If you were to tell 15 year old me that I would spend my 24th year, and part of my 25th year in a global pandemic – I would have laughed in your face.
I can’t believe that the world has been standing at this strange – stand still for so long now. It feels weird to think back to last March when this all began and, I laugh a little when I think about how we all thought this would be a 3-4 week thing. Little did we know, right?
This year has felt like, 5 years in one. While surprisingly one of my favourite years of my life thus far, it has not had its shortage of hurdles and challenges. A gentle reminder that with all the good this world has to offer, there is always going to be some bad, but it is always perspective that holds the true power.
I remember back to the first time I went with my Dad to Costco, masked up, with gloves – I was so scared. I remember being so nervous walking around the store, and seeing so many shelves empty, I honestly wondered if there would come a time when the supply chain would just stop.
I remember checking the numbers of cases everyday for 2 months at a time – something I learned to stop doing. It’s not good for anyones mental health.
I remember wondering what would happen to my job, and feared that the industry I have truly grown to love, would just not be able to survive with everyone working from home.
I remember for the first time, thinking “I don’t have any control of this”
But we never did have control of anything, and I remind myself of that simple fact daily.

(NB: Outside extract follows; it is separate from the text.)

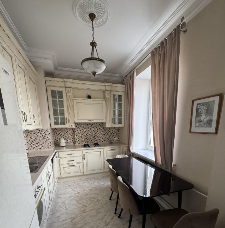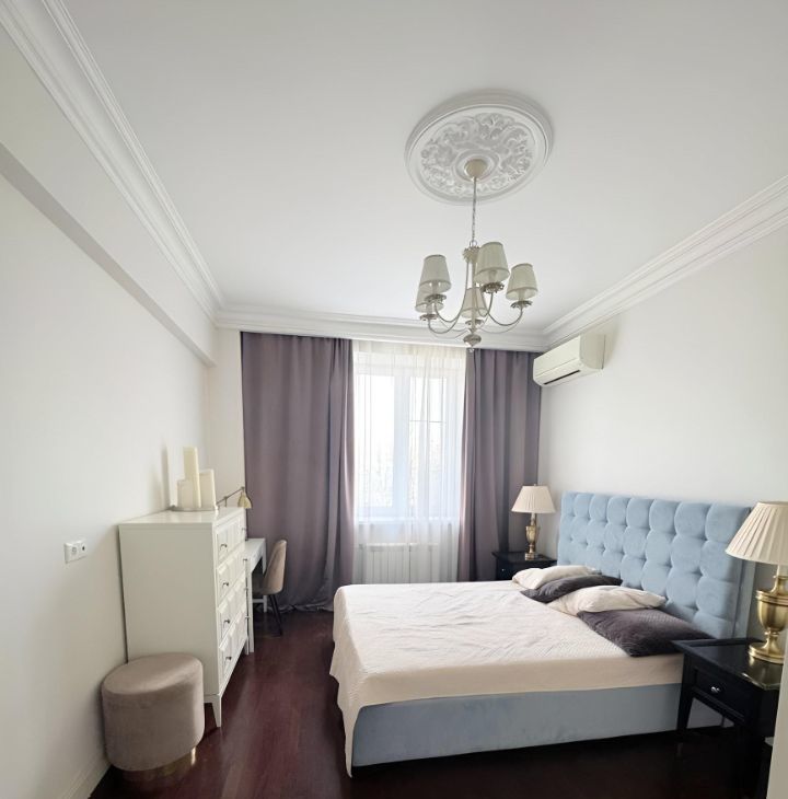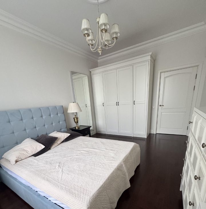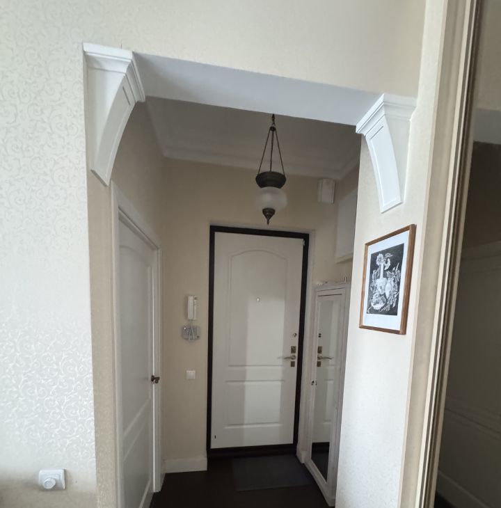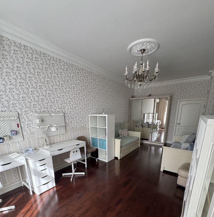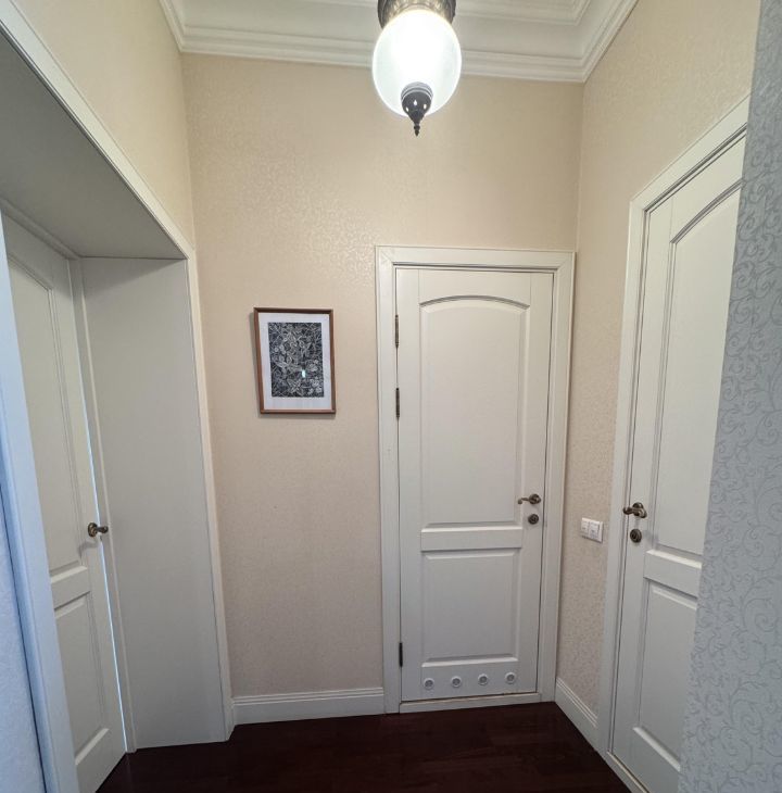 Общая площадь квартиры составляет 87,6 кв. м, жилая — 38 кв. м, а кухня впечатляет своими 26 кв. м. Квартира расположена на 6 этаже 9-этажного дома, высота потолков — 3.2 метра.

Through this last year, it would be easy for anyone to look at it and see the amount of loss experienced – lives, time, adventures – the list goes on. We’ve all been there, we’ve all felt sorry for ourselves and the lives we all miss and crave, through many many points over the last year.
While this last year has been tough on me, it’s also been so damn beautiful.
I spent time with my family, time that I might not have ever gotten.
I met someone amazing, who makes makes being with them feel like the most effortless thing I’ve ever done.
I got explore my own backyard, literally and metaphorically.
I got more it feels like. More than what I could see for the year ahead this time last year.
For that I am thankful.
One thought on “One Year In a Pandemic: A Reflection”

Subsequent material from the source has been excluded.